Traité du gouvernement civil (trad. Mazel)/Chapitre XVI

Traduction par David Mazel.
Royez (p. 297-299).


CHAPITRE XVI.

De l’Usurpation.


Ier. Comme une conquête peut être appelée une usurpation du dehors et étrangère, de même l’usurpation peut être nommée une conquête domestique ; avec cette différence, qu’une usurpation ne sauroit jamais avoir le droit de son côté, au lieu qu’un conquérant peut l’avoir, pourvu qu’il se contienne dans les bornes que la justice lui prescrit, et qu’il ne se saisisse pas des possessions et des biens auxquels d’autres ont droit. Quand les règles de l’équité sont observées, il peut bien y avoir changement de personnes et de conducteurs, mais non changement de forme et de loix dans le gouvernement ; car, si l’on étendoit son pouvoir au-delà du droit et de la justice, ce seroit joindre la tyrannie à l’usurpation.

II. Dans tous les gouvernemens légitimes, une partie considérable de la forme du gouvernement et des privilèges naturels et essentiels des peuples, c’est de désigner les personnes qui doivent gouverner.
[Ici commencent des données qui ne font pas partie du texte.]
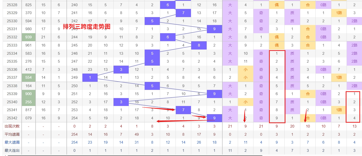 排列三走势分析:从上图可以看出百位号码连线走势到小偶数0,近10期内大数小数之间基本均衡,近期小数空缺较多有走向小数的势头。上期开出奖号0,回补了大偶数2路号码的不足符合我们的预期。前10次百位开出奖号0之后,其下期分别开出码:883599952,其中号码奇偶比约为4:6,大小比约为5:5,近期排列三百位走势来看,数字5和9呈现出明显的热态,尤其是5号频繁开出,已形成较强的热度趋势,短期内存在继续连开或交替走强的可能。而数字9同样处于活跃区间,热号之间的相互带动可能使其热度延续,需重点关注其惯性表现。与此同时,百位上的数字6已遗漏较长周期,逐渐进入冷态阶段。根据号码均衡分布规律,冷热转换是常见现象,尤其当某一号码冷至一定程度时,其回补概率将逐步上升。因此,在追踪5、9等热号连下机会的同时,也应警惕冷号6的突然回补,本期该位注意号码:24569,排列三十位走势上近期小数一直占据上风比较强势且出号热区一直处于小数,回补了一期小数后有返回大数的可能,第2025342期开出大奇数7。近期排列三十位走势来看,数字3和5目前处于温号区间,出现频率稳定且略有升温势头,观察其遗漏节奏与回补轨迹,两者均显示出蓄势上攻的迹象,有望在短期内由温转热,形成阶段性活跃态势。而数字9则已进入明显的冷态周期,遗漏值逐渐扩大,在适当关注3和5的升温趋势、捕捉其潜在热出机会的同时,也需对冷号9进行策略性防守 ,所以第20253043排列三十位看好03459,个位经过2期的偶数回补后走奇数的可能开出号码9符合我们的预期,本期有走偶数的迹象。连线走势上到大奇数9,0路号码奇数,近期排列三个位走势来看,数字8表现强势,已进入明确的热态周期,短期内呈现高频开出的特征,这种趋势往往具备一定惯性,需关注其继续热出的可能性。与此同时,个位数字1已遗漏较长周期,处于明显的冷态阶段,所以排列三第2025343期个位推荐12368。本文由一起彩钱是生命动力所著,请勿转载
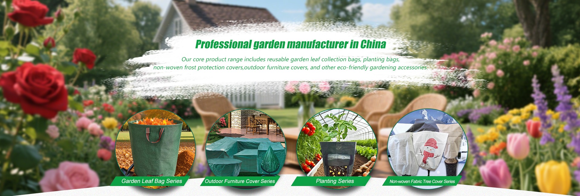 Belangrijkste producten:Tuintassen, serie voor buitenmeubelhoezen, opbergzakken, serie plantzakken, serie niet-geweven stoffen
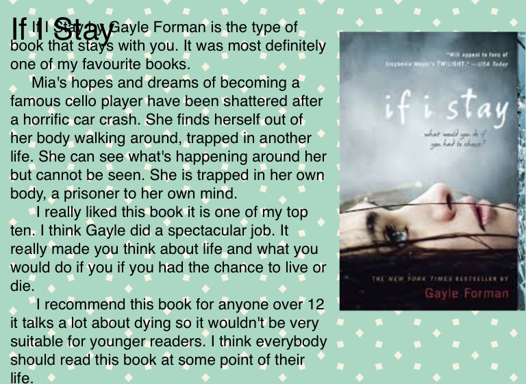 If I Stay by Gayle Forman is the type of book that stays with you. It was most definitely one of my favourite books.

L’anarchie ne consiste pas seulement à n’avoir nulle forme de gouvernement et d’état, ou à être convenu qu’il seroit monarchique, mais à n’avoir établi aucun moyen pour désigner les personnes qui doivent être revêtues du pouvoir monarchique, ou de quelqu’autre. Ainsi tous les véritables états ont, non-seulement une forme de gouvernement établie, mais encore des loix et réglemens pour désigner certaines personnes, et les revêtir de l’autorité publique ; et quiconque entre dans l’exercice de quelque partie du pouvoir d’une société, par d’autres voies que celles que les loix prescrivent, ne peut prétendre d’être obéi, quoique la forme de gouvernement soit toujours conservée ; puisqu’en ce cas, la personne qui gouverne n’a pas été désignée et nommée par les loix, et par conséquent par le peuple. Ni un tel usurpateur, ni aucun descendu de lui, ne sauroit avoir une domination juste et légitime, jusqu’à ce que le peuple ait eu la liberté de donner son consentement et l’ait actuellement donné, en sorte qu’il ait approuvé et confirmé l’autorité et l’exercice du pouvoir d’un tel homme, dont, sans cela, le pouvoir sera toujours un pouvoir usurpé et illégitime.